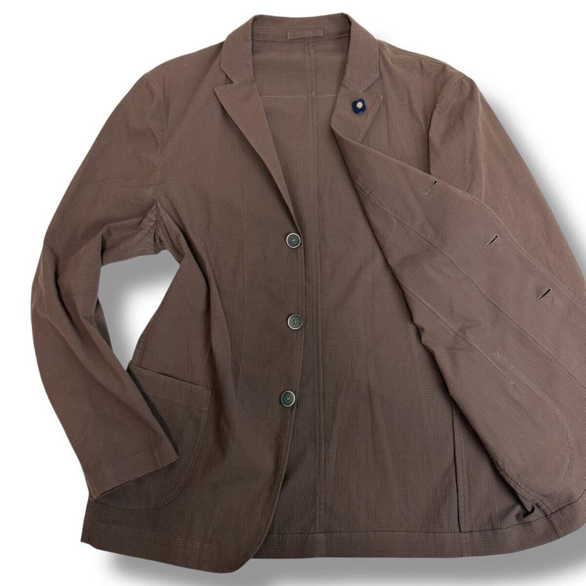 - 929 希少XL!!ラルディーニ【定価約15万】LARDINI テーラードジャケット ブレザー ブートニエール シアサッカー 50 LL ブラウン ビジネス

- - -

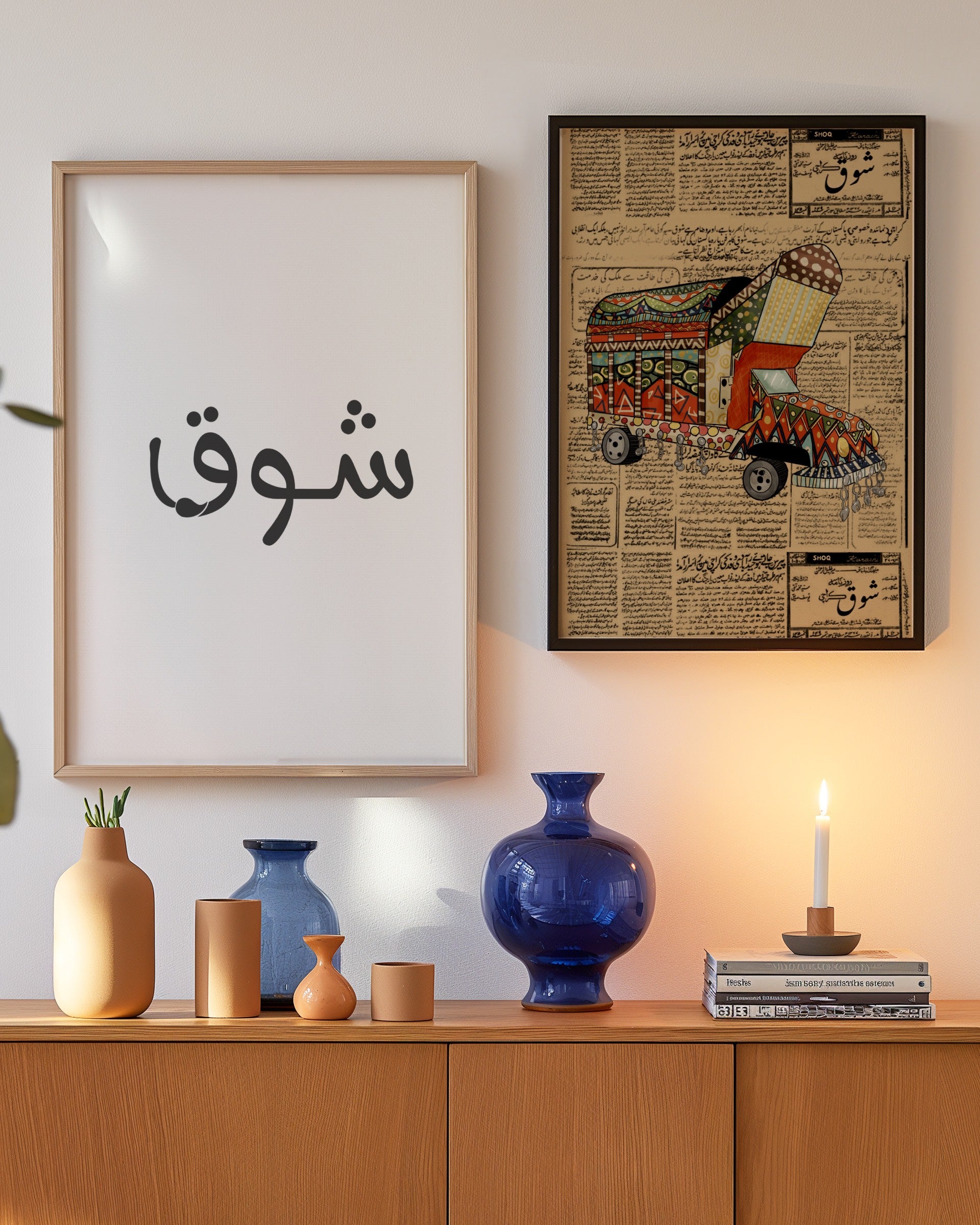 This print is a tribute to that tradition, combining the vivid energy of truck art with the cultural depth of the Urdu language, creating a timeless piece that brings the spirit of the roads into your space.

- - -

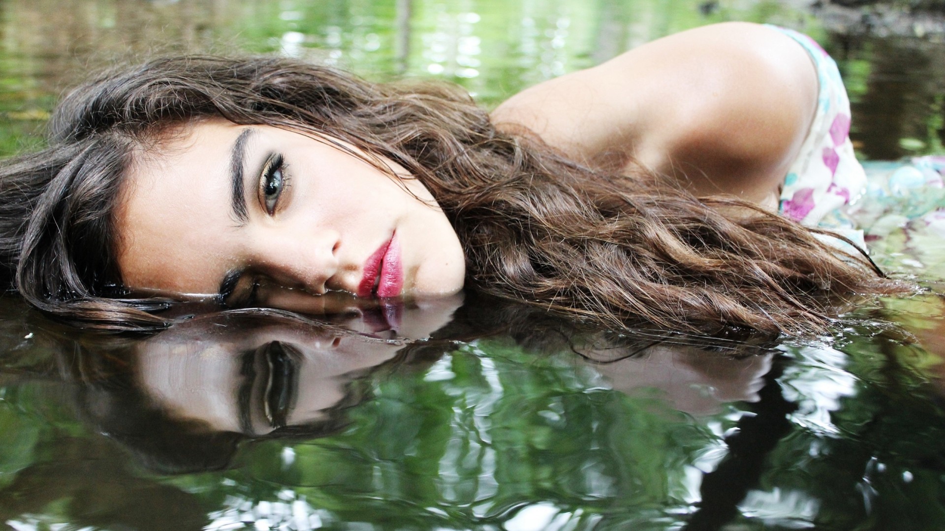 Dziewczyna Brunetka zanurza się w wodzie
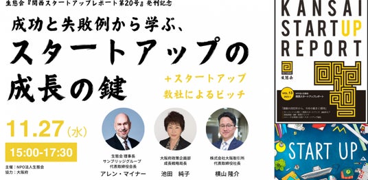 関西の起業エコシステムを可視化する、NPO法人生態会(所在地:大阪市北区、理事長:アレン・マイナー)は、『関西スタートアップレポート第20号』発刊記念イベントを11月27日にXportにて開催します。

- - -

The line holding "Dziewczyna Brunetka zanurza się w wodzie" starts the copy and the line holding "関西の起業エコシステムを可視" ends it. Repeat those two lines above and all between them exactly, leaving out pictures.

EXERCISE OUTPUT
 Dziewczyna Brunetka zanurza się w wodzie
 関西の起業エコシステムを可視化する、NPO法人生態会(所在地:大阪市北区、理事長:アレン・マイナー)は、『関西スタートアップレポート第20号』発刊記念イベントを11月27日にXportにて開催します。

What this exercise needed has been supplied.